Well, I have talked a lot about wanting to know f(x) to a given accuracy. How can we represent this mathematically? We must choose an amount of error that we are prepared to tolerate. Let us call this number e. We then hope that by determining x accurately enough, we can determine f(x) to within e. What do we mean by the phrase `accurately enough'? We mean that there is some amount of error in our specification of x, say d, which is small enough that knowing x to within d tells us f(x) to within e. That is, if y is some number within d of x - in other words, if |y-x| < d - then f(y) will equal f(x) to within an accuracy of e - in other words, |f(y)-f(x)| < e.

Now remember that we wanted to be able to do this for any given error e in the quantity f(x). In other words, whatever accuracy e is demanded of f(x), if d is small enough, then knowing x to within d determines f(x) to within e. Finally, writing this out as a definition, we say

* f is continuous at x if for every e > 0 (the
accuracy demanded of f(x)) there exists a d > 0 (the
accuracy that will be sufficient for x) such that
if |y-x| < d then |f(y)-f(x)| < e. *

This may well still seem complicated. However, as I have said, it
is just a mathematical formalization of the following idea: in
a world where perfect accuracy is neither necessary nor
possible, one can determine f(x) to * any desired * accuracy
as long as x itself can be determined accurately enough.

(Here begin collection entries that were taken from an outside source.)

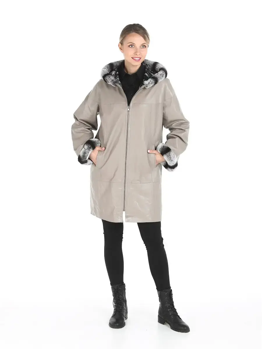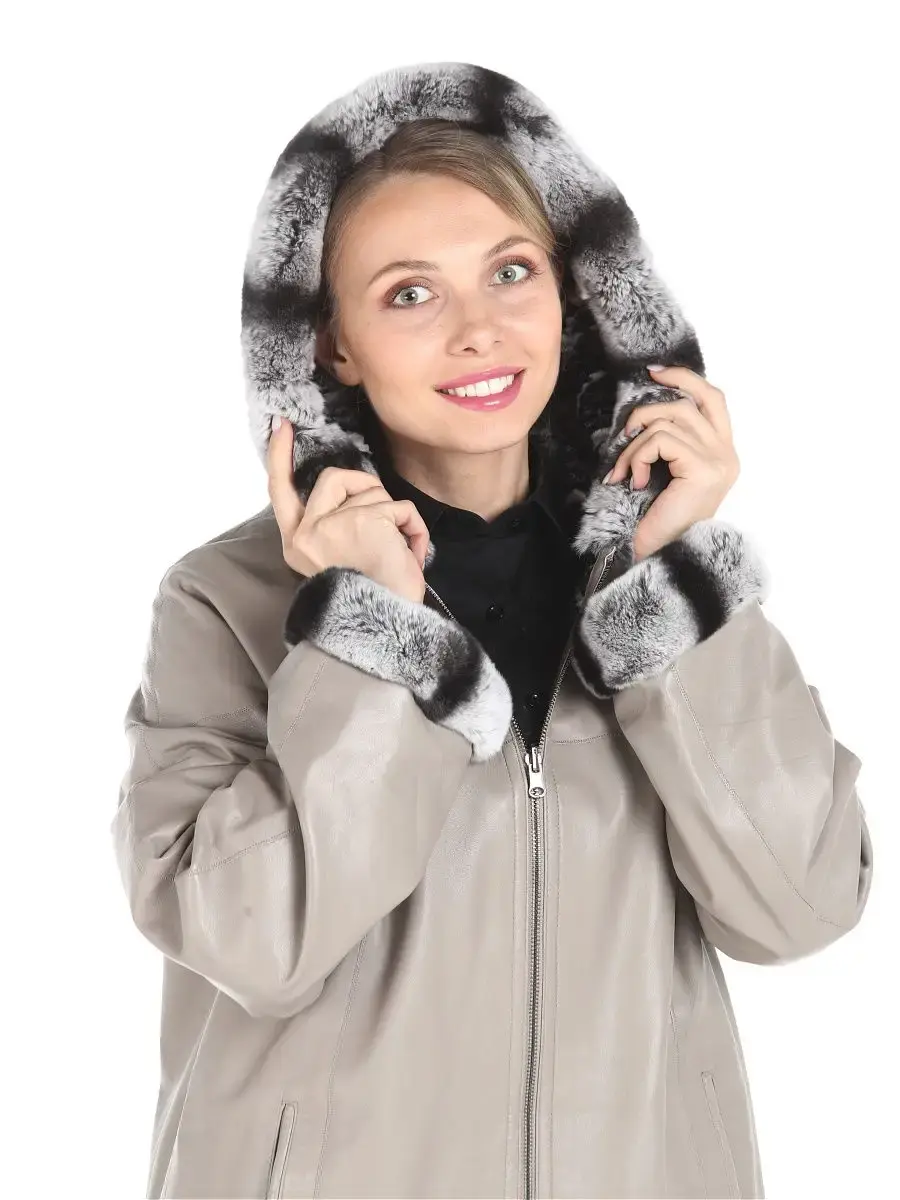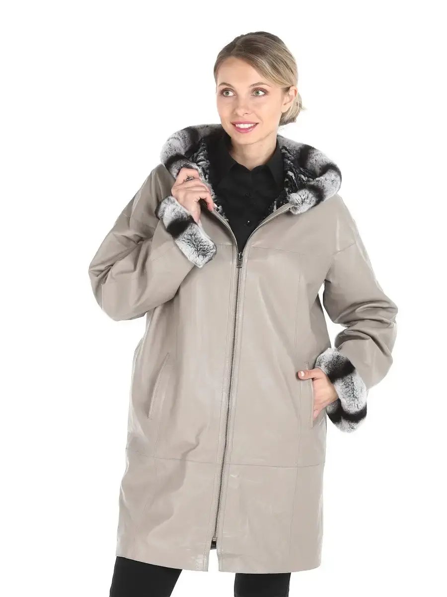 Женское двустороннее пальто из 100% натуральной кожи ягненка. Капюшон - несъёмный. Опушка на капюшоне и рукавах несъемный, из натурального меха кролика - рекс. Подкладка - обратная сторона из искусственного меха. MONDIAL Производство Турция.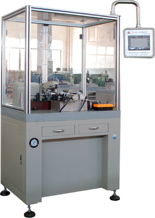 本機(jī)適用于汽車發(fā)電機(jī)集電環(huán)的高精度車削。采用三菱PLC控制,粗車刀和精車刀分別車削,變頻調(diào)速器無級(jí)調(diào)速,采用硬質(zhì)合金“V”形塊支承轉(zhuǎn)子軸同心度,操作方便。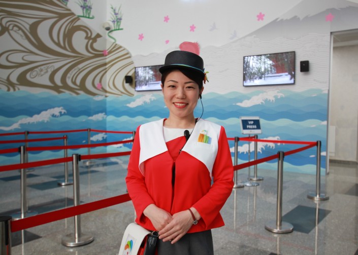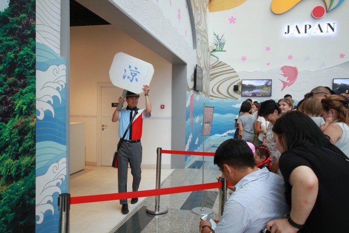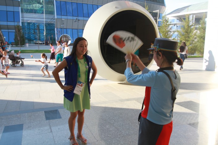 Японцы искренне удивляются, что казахстанцы знают, как будет "здравствуйте" на японском. Впрочем самим японцам, кажется, тоже приятно удивлять наших жителей. Перед входом в павильон сотрудники на трех языках приветствуют всех, выразительно произнося "Қош келдіңіздер!". А в жаркие дни они с удовольствием обмахивают посетителей выставки веером.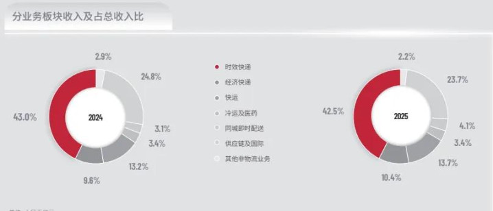 其中,撑起顺丰骨架的,依然是那块谁也抢不走的时效件底盘。这部分业务全年拿下了1310.5亿元的营收,同比增长7.2%。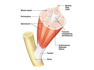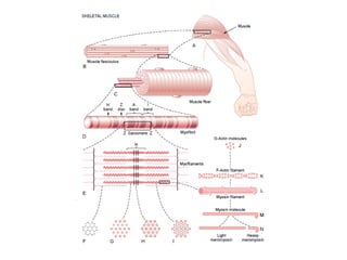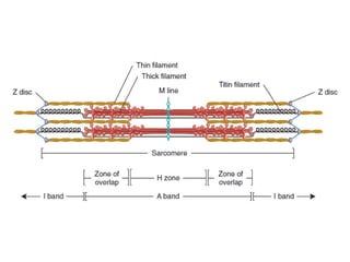 This document summarizes the key properties and functions of the three main types of muscle tissue: skeletal, cardiac, and smooth muscle. It describes their locations, structures, contraction mechanisms, and functions. Skeletal muscle is striated and voluntary, attaching to bones via tendons to enable movement. Cardiac muscle is also striated and pumps blood throughout the body. Smooth muscle is non-striated and involuntary, found in organs to enable processes like digestion. The document provides detailed descriptions of muscle fibers, sarcomeres, calcium handling, and more.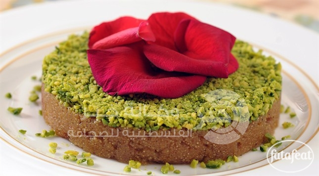 5. توضع الحلاوة في قالب وتُزين بالعسل والفستق على الوجه، وتُقدم بدرجة حرارة الغرفة.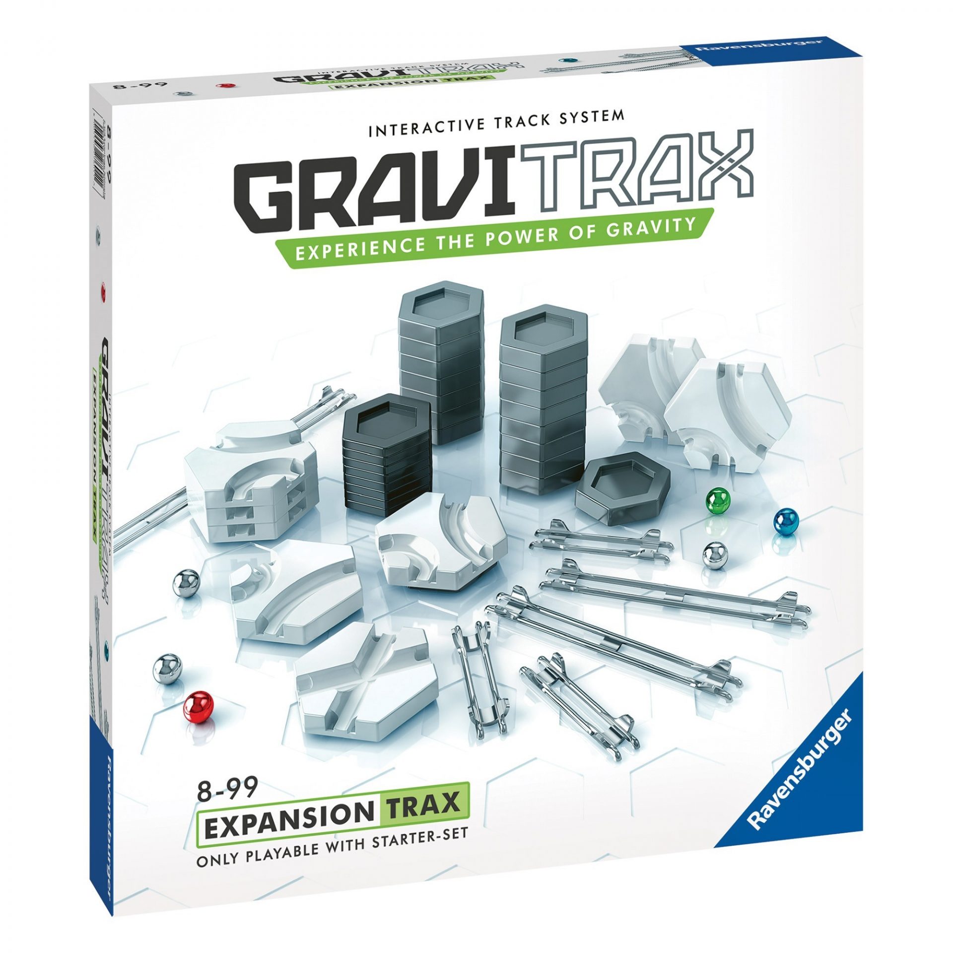 Keep the fun rolling and add some height, distance and curves to your marvelous marble run with the “GraviTrax Trax Expansion” set! Designed with open play in mind, GraviTrax offers endless possibilities to design a different track every time you play. This “Trax Expansion” set adds over 40 components (tracks, height tiles, curves, intersection, marbles) to any “GraviTrax Starter-Set” to take your building skills to a whole new level! Experience the power of gravity and educational fun today!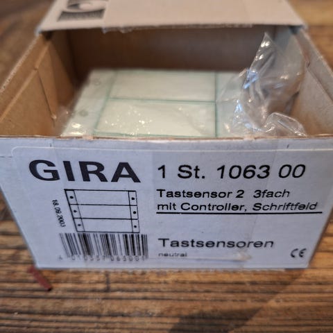 Gira 1063 00 KNX tastsensor for veggmontering i KNX-systemer. Ny, ubrukt. Modul med 3 knapper, perfekt for KNX hjemautomasjon og smart home løsninger. Kompatibel med KNX bussystem og programmeres enkelt via ETS. Passer for alle KNX-installeringer og elektronikkprosjekter.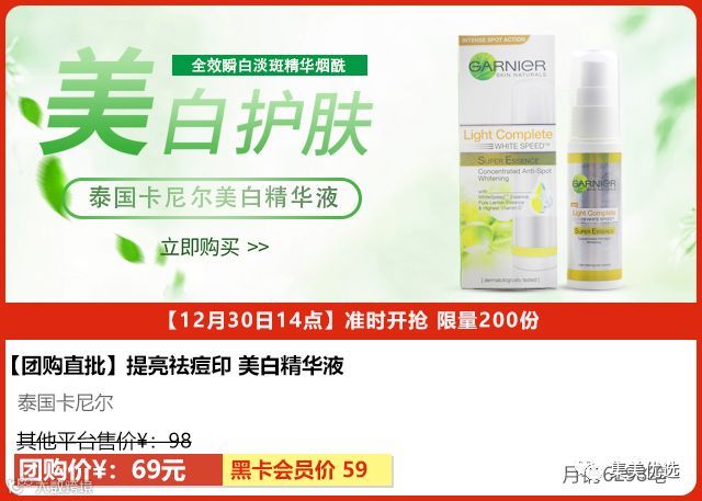 泰国🇹🇭卡尼尔 全效美白精华据称美白淡斑去痘印届的黑马 主打成份为烟酰胺+VC衍生物,有美白,淡斑,去痘印的同时 对角质有一定的调理作用,使用感上清爽好吸收。

Here is an alternative way of thinking about continuity. It is
not that different from what I have given already, but perhaps just
different enough to be worth mentioning. Imagine that you have
a very powerful computer which can handle very long decimal
expansions: in fact, if you say that you want to work to n
decimal places, the computer will be happy to oblige, however big n
is (a bit like Maple and Mathematica if n is kept realistic). The
one thing it cannot do, of course, is deal with * infinite *
decimals.

Now suppose you want to write some routines to calculate certain
functions, and you want to be able to calculate these functions to
arbitrary precision. If you take a function like x^{2} you
can write a program roughly like this: input n (the desired
number of significant figures); input first n+3 digits of x; calculate
the square, y, of the resulting (long, but finite) decimal; output y,
truncated to n significant figures. Here, the output is very close to
x^{2} because the input is very close to x.

By contrast, if a function f(x) is defined to be 0 when x is less
than pi and 1 when x is greater than equal to pi, we cannot design a
satisfactory program for calculating f. If x is nowhere near pi then
of course we can calculate f(x) easily, but f(pi) itself cannot even
be * approximated * if we do not have infinite precision. Why
not? Because, however many significant figures of pi you give as your
input, you will not determine for the computer whether the number you
are talking about is less than pi or greater than equal to pi, so all
it can tell you is that f(x) is either 0 or 1, which is hardly a good
approximation. This is not a surprise - it just expresses the fact that
f is discontinuous at pi.